> _Task objective_:
Output every record exactly and leave each picture out.

> _Given records_:
- - - -

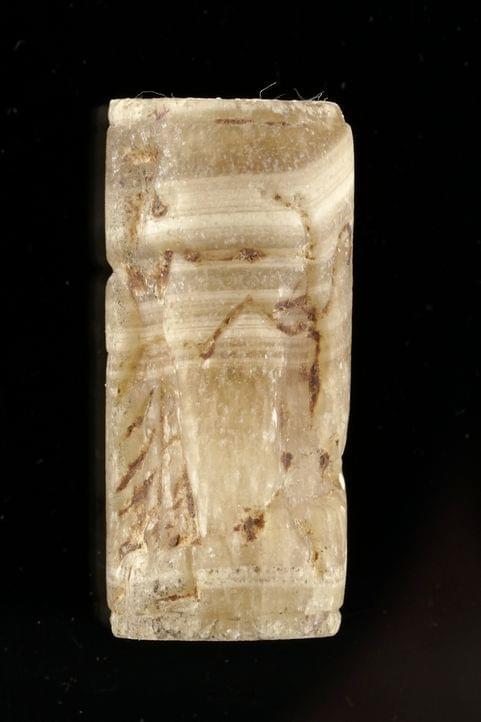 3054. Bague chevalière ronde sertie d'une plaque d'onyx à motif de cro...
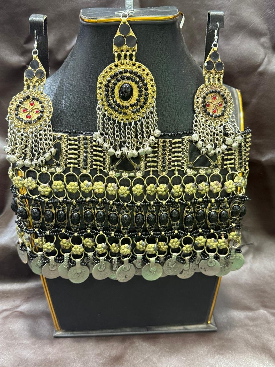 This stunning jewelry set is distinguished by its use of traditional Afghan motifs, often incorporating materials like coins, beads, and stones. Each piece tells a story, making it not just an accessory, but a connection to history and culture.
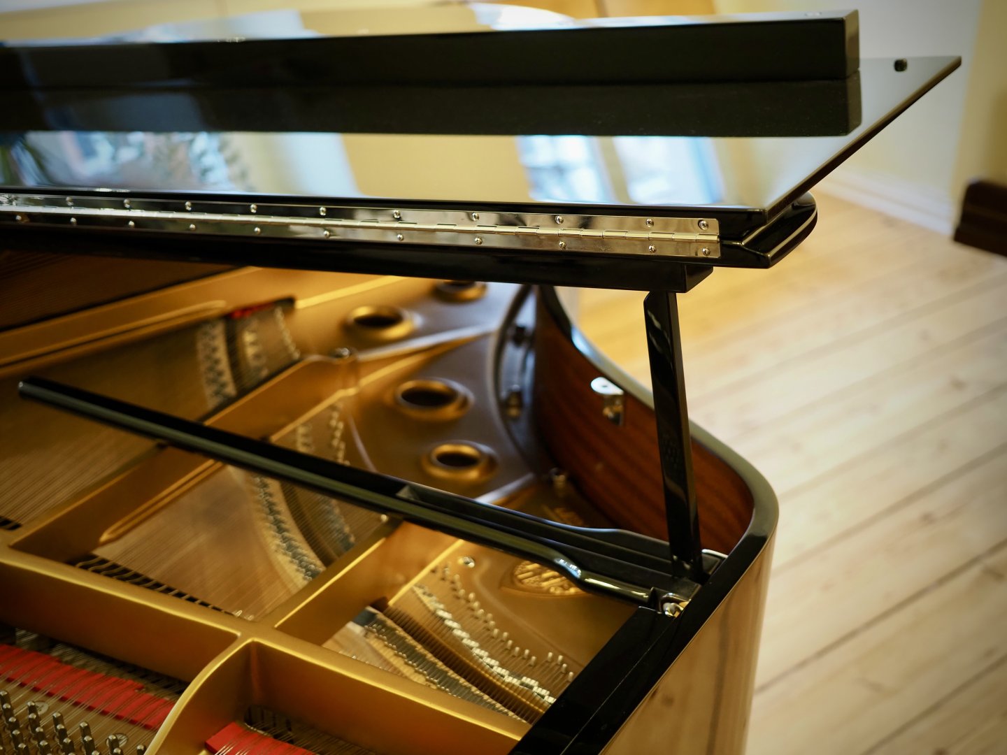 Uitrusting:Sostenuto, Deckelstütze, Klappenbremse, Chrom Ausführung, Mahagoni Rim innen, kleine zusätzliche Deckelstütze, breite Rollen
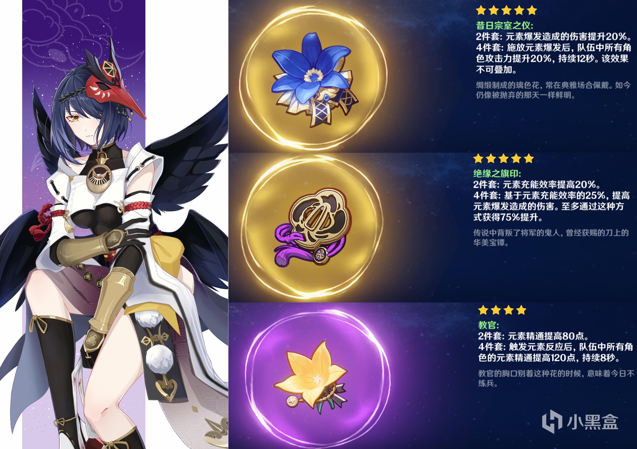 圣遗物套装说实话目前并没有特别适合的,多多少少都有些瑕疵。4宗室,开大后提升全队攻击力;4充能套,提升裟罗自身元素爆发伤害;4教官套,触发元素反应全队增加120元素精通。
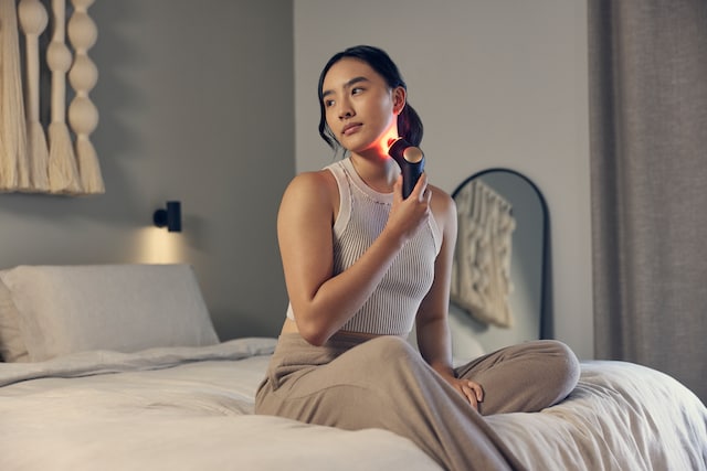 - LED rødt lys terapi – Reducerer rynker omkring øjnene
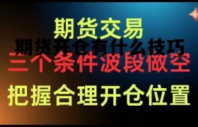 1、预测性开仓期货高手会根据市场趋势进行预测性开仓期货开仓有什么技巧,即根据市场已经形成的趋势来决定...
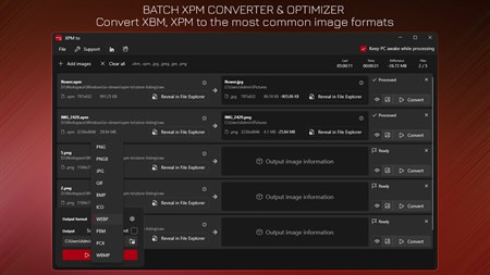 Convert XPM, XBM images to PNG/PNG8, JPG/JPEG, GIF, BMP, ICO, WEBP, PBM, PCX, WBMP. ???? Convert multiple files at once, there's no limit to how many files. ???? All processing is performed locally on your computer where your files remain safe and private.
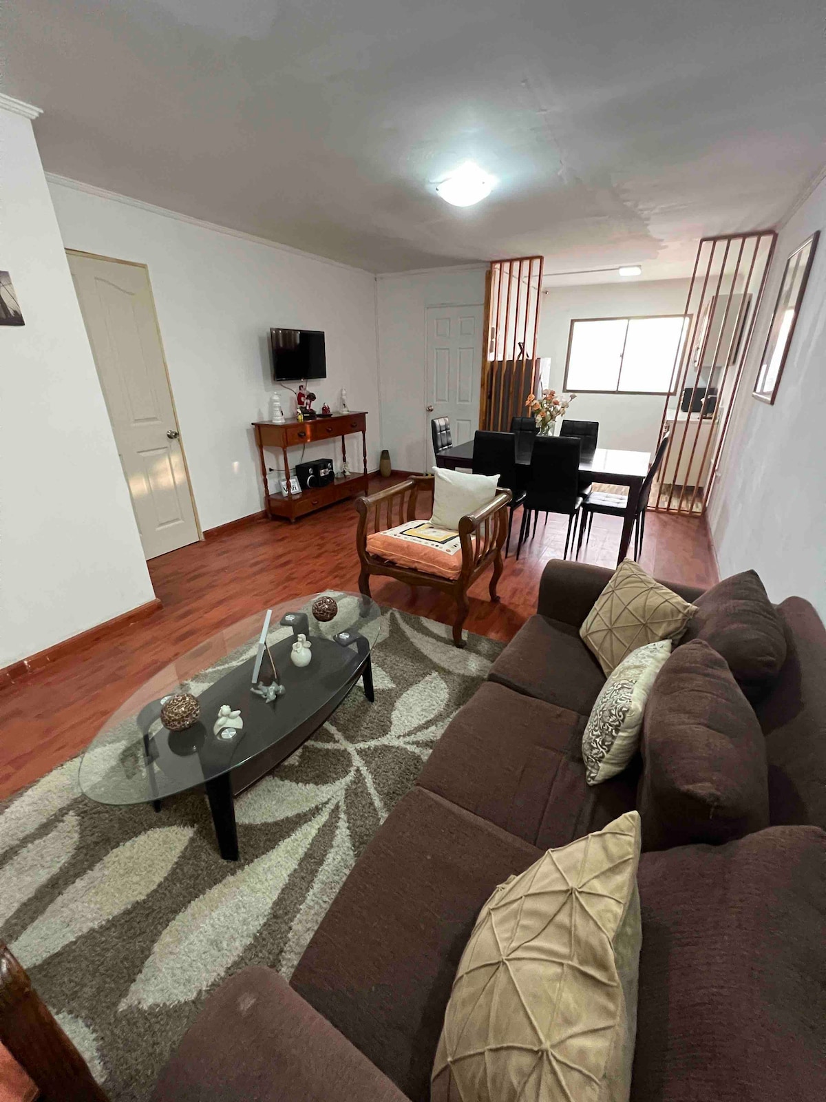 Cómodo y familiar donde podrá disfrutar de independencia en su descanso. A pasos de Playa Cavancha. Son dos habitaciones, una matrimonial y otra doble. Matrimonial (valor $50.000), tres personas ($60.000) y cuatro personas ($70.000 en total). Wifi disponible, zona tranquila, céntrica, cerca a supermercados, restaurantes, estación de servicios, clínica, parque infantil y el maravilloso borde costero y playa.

- - - -

> _Response to the exercise_:
 3054. Bague chevalière ronde sertie d'une plaque d'onyx à motif de cro...
 This stunning jewelry set is distinguished by its use of traditional Afghan motifs, often incorporating materials like coins, beads, and stones. Each piece tells a story, making it not just an accessory, but a connection to history and culture.
 Uitrusting:Sostenuto, Deckelstütze, Klappenbremse, Chrom Ausführung, Mahagoni Rim innen, kleine zusätzliche Deckelstütze, breite Rollen
 圣遗物套装说实话目前并没有特别适合的,多多少少都有些瑕疵。4宗室,开大后提升全队攻击力;4充能套,提升裟罗自身元素爆发伤害;4教官套,触发元素反应全队增加120元素精通。
 - LED rødt lys terapi – Reducerer rynker omkring øjnene
 1、预测性开仓期货高手会根据市场趋势进行预测性开仓期货开仓有什么技巧,即根据市场已经形成的趋势来决定...
 Convert XPM, XBM images to PNG/PNG8, JPG/JPEG, GIF, BMP, ICO, WEBP, PBM, PCX, WBMP. ???? Convert multiple files at once, there's no limit to how many files. ???? All processing is performed locally on your computer where your files remain safe and private.
 Cómodo y familiar donde podrá disfrutar de independencia en su descanso. A pasos de Playa Cavancha. Son dos habitaciones, una matrimonial y otra doble. Matrimonial (valor $50.000), tres personas ($60.000) y cuatro personas ($70.000 en total). Wifi disponible, zona tranquila, céntrica, cerca a supermercados, restaurantes, estación de servicios, clínica, parque infantil y el maravilloso borde costero y playa.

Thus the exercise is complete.